Lessons Learned In Recent Entertainer Development

I've been spending a lot of my evenings recently hacking on Entertainer. I'm sad to think that at some point, I was only considering it a pet project. It has many things wrong with it, code and otherwise. However, I firmly believe that it also has a lot of potential. During this recent effort to work towards 0.3 of Entertainer, I've been making mental notes of things I should never let an open source project I hack on do. I thought it might be worthwhile to share my findings. (Isn't that why we have blogs in the first place?)

Data models can't suck

Yea, this is something I've known conceptually for a while. I guess I even knew the effects of working with a broken model from a previous client of mine, but Entertainer is a perfect example of what happens when you don't keep your data model in check. We're basically at a stand-still with new features that require our sqlite database until we fix our data model and how that data is accessed. As we pour through the code, we find halfway built features that we really shouldn't have let land in the state they were in (in all fairness, this was probably in the days of svn).

Keep scaling in mind

Wanna know something really funny? Entertainer can only work at a resolution of 1366x768. Weird huh? It was a good start, but a short sighted decision. Even outside the domain of media center applications, if you don't code with the idea of scaling in mind, things become harder when you have to scale. Ask Matt Layman, who is currently refactoring large parts of the frontend to start supporting a window resizing.

Do regular releases

Entertainer is nearing its third release. The first two sucked terribly, for various reasons. I think the third time will be the charm in releasing the software properly. If you never practice releasing software, you never get good at it. The Entertainer Developers have had long discussions about how to make releases better. We learned the hard way for 0.2 that we need to keep Linux distro release schedules in mind when releasing software (because of dependencies). We're figuring out hov to deploy software with its licenses, and properly compiled translations (go Launchpad!). This is all information we never would have figured out the first time we released code. It just comes from experience.

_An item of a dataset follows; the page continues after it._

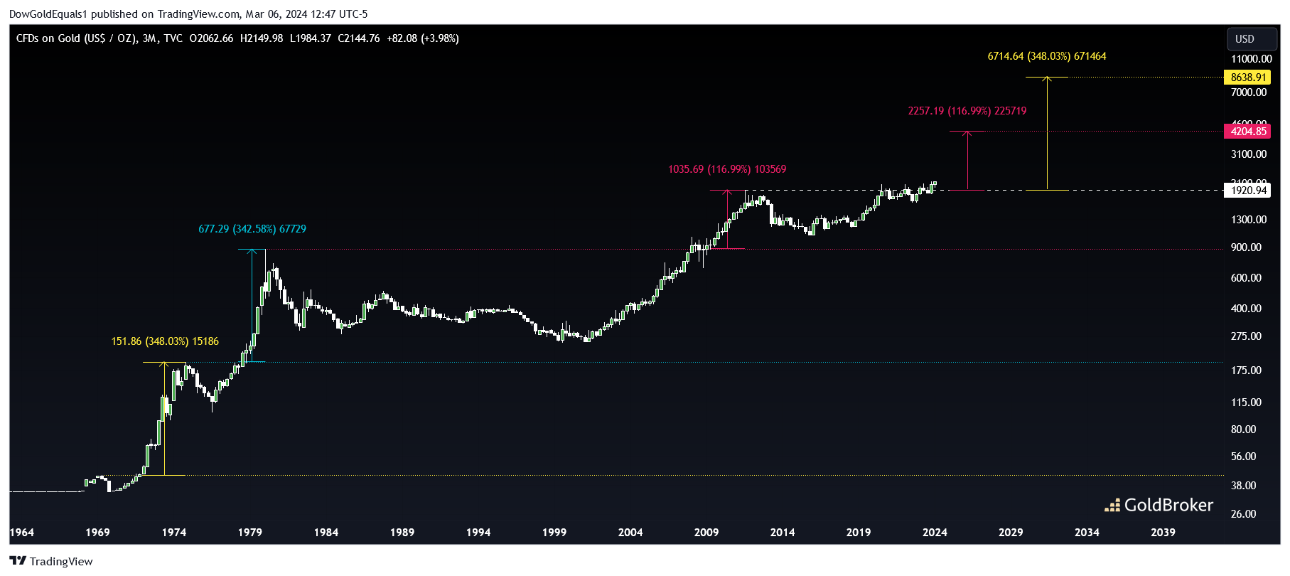 If we get a convincing quarterly close later this month above the old historic high of $1920, it will mark the second consecutive quarterly closing above that old high. This would provide compelling evidence that we can expect a 4th historic impulsive move higher from here. Based on historical precedent, it would not be unreasonable to expect Gold to rise to anywhere from $4,200 to $8,600!

Entertainer 0.3 is due out at the end of the month. It'll still be software riddled with warts, no doubt. It will be our best release yet though, and we can only get better from there. We have great developers, a great team, and a lot of momentum going now.

Comments on "Lessons Learned In Recent Entertainer Development"

December 12, 2008 @ 02:12
Ian said...
Without sounding like a know-it-all, aren't the first 2 pretty short-sighted. I know that's the point of your post, but it seems that with a media center type application, screen resolution / interface issues would have been identified up front.

Anyway, I don't know how to write this post without sounding offensive, but believe me, this is not my intention. I am grateful for the advice.

Second thing, while you are looking at resolution independence, bear in mind the smaller devices such as the Nokia N810 or the 7inch Netbooks. I hope that you can provide a rich experience on these form factor devices too. If not, at least allow them to be used as remote controls!

Good luck with entertainer!

Finally, would like to hear your thoughts on why you are writing a new application instead of helping another project like Elisa or XBMC. What were your thoughts around that. Perhaps in a future blog post?
December 12, 2008 @ 09:12
Tormod said...
Media centre, python, sqlite, OpenGL: Sounds pretty much like Elisa? I also wonder what the difference is, and what's your motivation. Variety is good, but the community is currently left with two half-baked products. Although Elisa is getting pretty much usable these days. You sure have a slick web site though.